Por fim abordamos Teresinha. Esta tem em sua trajetória de vida a manifestação explícita do determinismo positivista. Sua infância, em companhia do pai, é totalmente determinada pelo contexto do meio em que vive. Na fazenda ela sai montada a cavalo e indo vaqueirar o gado em companhia do pai e dos outros vaqueiros. Uma convivência que influencia até mesmo seu modo de montar, escanchada feito homem. Depois, ao ir viver com seu primeiro marido sua vida passa a ser de uma retirante acompanhando-o na eterna busca de melhora. Nesta fase, Teresinha se acostuma ao modo de vida em que está e mesmo com algumas saudades da vida abastarda que tinha com sua família ela aceita o seu fado. Após a morte do esposo ela passa a ter uma vida de mendigagem até encontrar o segundo homem de sua vida. Esse período de vida com seu segundo companheiro ela é vítima de violência sexual, física e simbólica, mas mesmo vivendo sob essas condições não há vontade em abandona-lo e ela asujeita-se de tal forma que chega a ter saudades dessa vida no futuro.
Seqüencialmente Teresinha é carrega por outro homem que viria a ser seu terceiro companheiro. Este a coloca em um local afastado do mundo social reservando-a ao seu desfrute quando bem entendesse. Contudo, mais uma vez não há resistência, não é permitido rejeição para com seu carma.
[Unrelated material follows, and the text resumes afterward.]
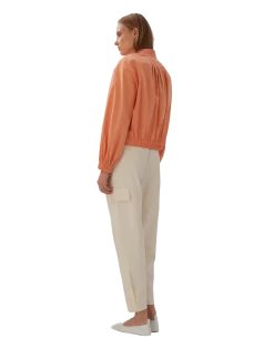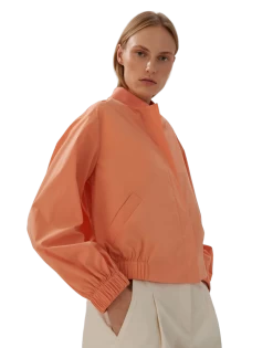 Die Bomberjacke aus Recycled Polyester bricht mit dem edlen Schimmer die sonst so sportive Optik. Klassisch fĂĽr die Bomberjacke sind die RippbĂĽndchen und der gerippte Saum, ĂĽber den die weite Form betont wird. Besonderer Clou: die Jacke ist wasserabweisend.
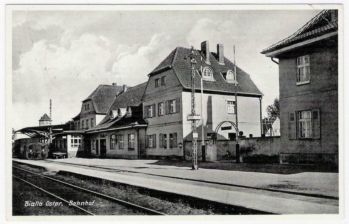 Stacja Biała k. Piszu (Biała Piska), kompleks budynków dworca, widok od strony miasta. Dawniej na brukowanym placu przy dworcu znajdował się dworzec autobusowy PKS. Zdjęcie wykonano na dzień lub dwa przed zamknięciem stacji (zamknięto nastawnie, zlikwidowano kasę biletową, zakończono krzyżowanie pociągów), która stała się wtedy przystankiem kolejowym z nieczynną infrastrukturą stacyjną. Po prawej stronie w oddali widoczna nieistniejąca wieża ciśnień.

Quando o desejo por ela acaba seu companheiro a abandona ao acaso e o destino dela é de continuar sua vida como uma retirante, como um "farrapo de gente" em busca do pão da sobrevivência. Sua aceitação é mais uma vez presente e ela se acostuma a morar de qualquer maneira e viver sem expectativas de melhorias e de mudança de vida.
Portanto, ao visualizamos a vida dos personagens analisados em seus acontecimentos e em suas reações a estes vem à luz a atuação do determinismo e do positivismo. Os reflexos dessas teorias nas trajetórias das personagens de age de tal forma a conceberem suas rotas de forma imutável, sem qualquer possibilidade de alteração e/ou de rejeição de seu destino. É sempre mantida a sujeição dessas personagens às forças sociais e biológicas conduzindo-as a aceitarem e a agirem de acordo com as regras desses organismos.
REFERÊNCIAS BIBLIOGRÁFICAS
OLÍMPIO, Domingos. Luzia-Homem.
COMTE, Augusto. Discurso sobre o espírito positivo. São Paulo: Ed. Escala, 2005. (Coleção Grandes Obras do Pensamento Universal – 30).